Tuesday, January 30, 2007

Defining learning design

I have often felt that defining a learning designer's role is like trying to nail jelly to a wall. Especially when I am trying to explain to an "outsider" what it is that I do. However, I think I might have just found a new favourite blogger in the shape of Patrick Dunn of Networked Learning Design, who goes a long way towards giving the role some shape. I am just disappointed that I couldn't find an RSS feed to the blog so that I could subscribe (happy to be proved wrong, by the way).

Thanks to Mark Berthelemy who emailed me the link to this post about the learning designer as an architect. The fact that the link came from Mark is no coincidence: we work together on the same team: he as a solutions architect, while I am a learning designer. The boundary between his role and mine has never really been clear. There are things that I think I should so and things I will need Mark to do. These are unlikely to mirror exactly the things he thinks he should do and the things he needs me to do. I confess I am probably the more precious of the two when there is overlap.

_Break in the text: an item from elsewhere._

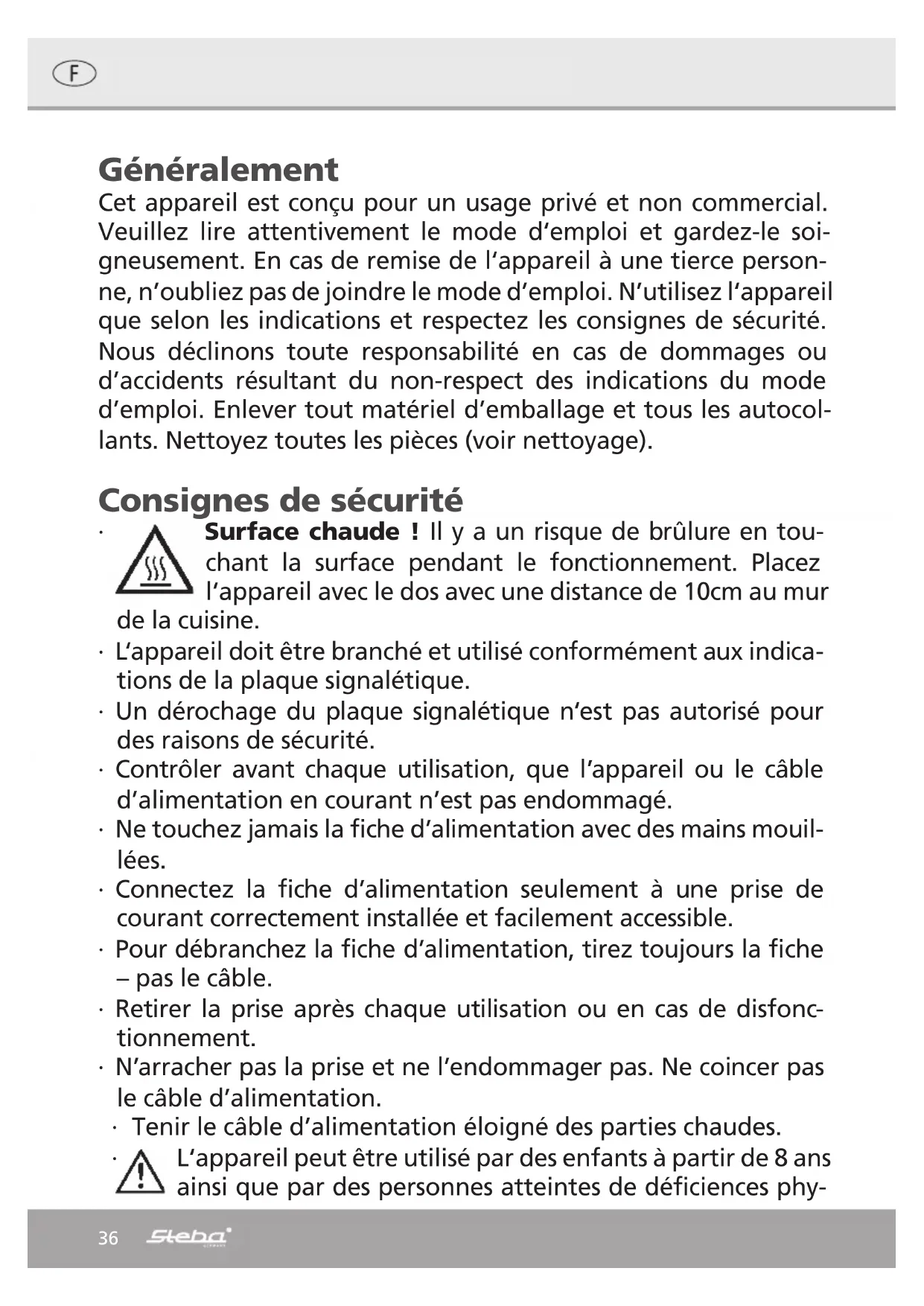 Attention ! L´extérieur de l´appareil devient chauds. Risque de brûlures. Pendant le fonctionne- ment, la température des surfaces touchables peut être très chaude ! Ne pas déposez l’appareil sur une surface sensible et le posez de sorte qu’il ait au moins 70 cm de place libre des matières inflammables. ∙ Vapeur peut sortir pendant l’utilisation. Gardez les mains et le visage à une distance. ∙ Si vous utilisez une rallonge, celle-ci doit avoir une section de 1,5 mm². ∙ Si vous utilisez une multiprise testée pas GS avec 16 A, il est interdit de le charger avec plus de 3680 watts en raison d’un danger incendie. ∙ Si vous utilisez une rallonge, faire attention que les enfants ne le tirent pas où trébucher sur le câble. ∙ Tirez Ia fiche d‘alimentations toujours si l‘appareil est sans sur- veillance, avant le montage, le démontage, ou le nettoyage. ∙ Hygiène : Assurez-vous que l‘appareil doit être nettoyé tou- jours pour éviter le formation les bactéries ou de moisissures.39 Nettoyage ∙ Toujours débrancher l´appareil et le laisser com- plétement refroidir avant de le nettoyer. ∙ Ne jamais plonger l’appareil dans l’eau. ∙ Utilisez un chiffon humide pour nettoyer l‘extérieur et l‘intérieur de l‘appareil. Laissez sécher. ∙ Lavez la moule à manqué au dedans. N‘utilisez pas de déter- gents agressifs ou abrasifs, puis séchez-le. Plan de travail Important : Ne jamais placer l’appareil sur une surface chaude ou à côté (par exemple plaque de cuisson d’une cuisinière). Faire fonctionnez seulement sur un support plan, stable et thermorési- stant. Veiller à ce que des objets inflammables ne se trouvent pas à proximité. Ne placez pas l’appareil sur le bord de la table afin qu’il ne puisse pas être touché par les enfants ou qu’il ne tombe pas lorsque vous le touchez.40

However, I have a tendency to approach each project with a sense of panic that I have no idea how to do this. In my more objective moments, I see this as a good thing. Each new project is a whole voyage of discovery. A new adventure with a new destination. What are the learner's needs? What do we want the learner's experience to be? What tools are there out there that will help us achieve that? Which of those tools will work within the client company's constraints? How are we going to engage the learner? And a host of other questions. I have no interest in duplicating the last project for the new client. As Patrick Dunn suggests, we can use patterns and prompts to get the creative juices flowing, but who wants to get stuck in a mechanistic re-use rut? Bleagh!